Why no extractor (at this time): While the product ID is extractable using existing code, Maschine sounds are a lower-priority format compared to Kontakt and Battery. The file count is moderate (4,495) and Maschine is a less common part of production workflows compared to Kontakt. The extractor could be added later by registering .mxsnd and .mxgrp alongside .nki in the existing NI container extractor.
What Atlas records: Hash, path, name, file size, modification time.
Future consideration: Registering these extensions on the existing NI container extractor would be near-zero effort and would add library association data.
Maschine Save (.nmsv) — 1,099 files
What it is: Native Instruments Maschine project save files containing instrument state and parameter snapshots.
Internal structure: NI DSIN container format. Smaller than .mxsnd files (~8 KB). Contains hsin identity blocks and DSIN chunks with a product ID.
What we found: Same structure as other NI DSIN files, with product ID available in the AUTHORING_APP chunk. These are parameter state snapshots for Maschine instruments.
Why no extractor (at this time): Same rationale as .mxsnd/.mxgrp — lower priority Maschine format. Could be added to the NI container extractor later with minimal effort.
What Atlas records: Hash, path, name, file size, modification time.
Zebra Preset/Multi (.zpreset, .zmulti) — 1,714 files
What it is: u-he Zebra/ZebraHZ synthesizer preset and multi-instrument files.
Internal structure: Compressed binary blobs with no recognizable magic number or plaintext metadata. The files appear to be a compressed serialization of Zebra’s internal parameter state. Typical sizes: 800-850 bytes for presets.
What we found: Entirely opaque binary data. No readable strings, no embedded metadata, no file references. The compression makes reverse-engineering impractical without documentation from u-he.
Why no extractor: The format is undocumented and fully opaque. No metadata can be extracted without reverse-engineering the compression and serialization format. The file count is relatively low (1,714).

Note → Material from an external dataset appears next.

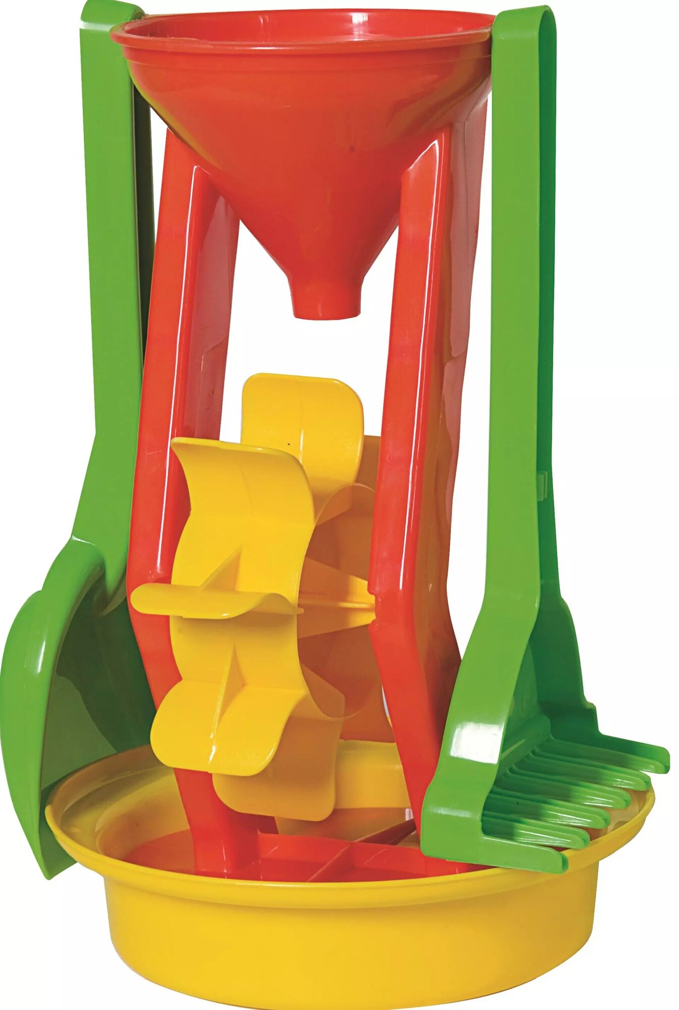 4dílná sada na písekTato sada na písek je vyrobena z kvalitních plastů v Itálii a obsahuje následující prvky: Mlýnek s jedním lopatkovým kolem výšky 25 cm Sítko o průměru 17 cm Lopatka HrabičkyParametry sady: Výška 26 cm, váha 0,34 kg prečítať celé

What Atlas records: Hash, path, name, file size, modification time.
Index Files (.ndx) — 937 files
What it is: Index/lookup table files used internally by sample libraries for fast access. Likely spectral analysis or amplitude envelope data.
Internal structure: Fixed header with a version marker (31 2e 0f a5), followed by large arrays of 32-bit IEEE 754 floating point values. All files are exactly 51,324 bytes — a fixed-size lookup table.

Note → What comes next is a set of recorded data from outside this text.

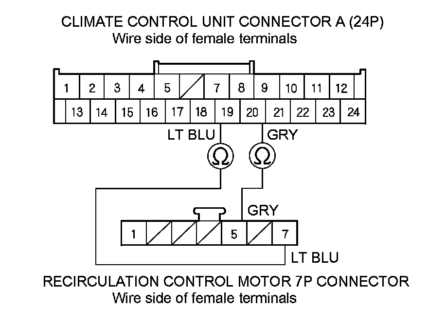 11. Check for continuity between the following terminals of climate control unit connector A (24P) and the recirculation control motor 7P connector.
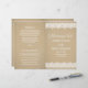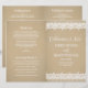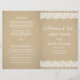 Bröllopsprogram med texten "Kärlekens Firande" i typsnitt, en charmig illustrerad kantdesign med vintage vita blommor och prickig spets, och en bakgrund med ett rustikt kraftbrunt papperstextur. Anpassa den anpassade texten för ditt brölloppssällskap, ceremonidetaljer och tackmeddelande. Notera: dessa program i textviktpapper levereras platta och kräver vikning för montering.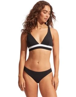 Seafolly Slice Of Splice Longline Tri Bikini Top – Black And White

What we found: Pure numeric data — floating point arrays with values in typical audio ranges (-1.0 to 1.0, with some values extending to 4.0+). No text content, no metadata, no file references. The fixed file size and floating point data suggest these are pre-computed analysis tables (possibly FFT bins, amplitude envelopes, or impulse response data).
Why no extractor: Internal optimization data with no lineage value. These are pre-computed lookup tables generated during library installation, not user-authored content.

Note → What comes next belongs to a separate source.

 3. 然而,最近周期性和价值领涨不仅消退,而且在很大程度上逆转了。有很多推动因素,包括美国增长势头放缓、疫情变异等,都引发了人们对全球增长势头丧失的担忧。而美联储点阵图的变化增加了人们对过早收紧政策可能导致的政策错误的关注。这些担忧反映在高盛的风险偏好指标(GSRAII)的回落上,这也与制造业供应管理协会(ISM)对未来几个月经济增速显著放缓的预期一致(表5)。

What Atlas records: Hash, path, name, file size, modification time.
Other Low-Count Formats
The following formats appear in small quantities and are tracked hash-only:
| Extension | Count | Description |
|---|---|---|
.bwclip | 866 | Bitwig clip launcher clips — serialized clip state |
.nkr | 404 | Kontakt resource containers — UI resources for instruments |
.rtf | 1,775 | Rich Text Format — license agreements and documentation |
.pdf | ~500 | PDF documents — user manuals and installation guides |
.png | ~490 | Images — library artwork and UI graphics |
.DS_Store | ~446 | macOS Finder metadata — filesystem noise |
.nicnt | 248 | NI content registration — has a dedicated extractor |
.asd | ~129 | Ableton Live analysis files — warp markers and transient data |
.url | ~19 | Windows URL shortcuts — links to vendor websites |
These formats are either documentation/noise (rtf, pdf, png, DS_Store, url), proprietary binary with no extractable metadata (bwclip, nkr, asd), or already have extractors (nicnt).
What Atlas records for all: Hash, path, name, file size, modification time.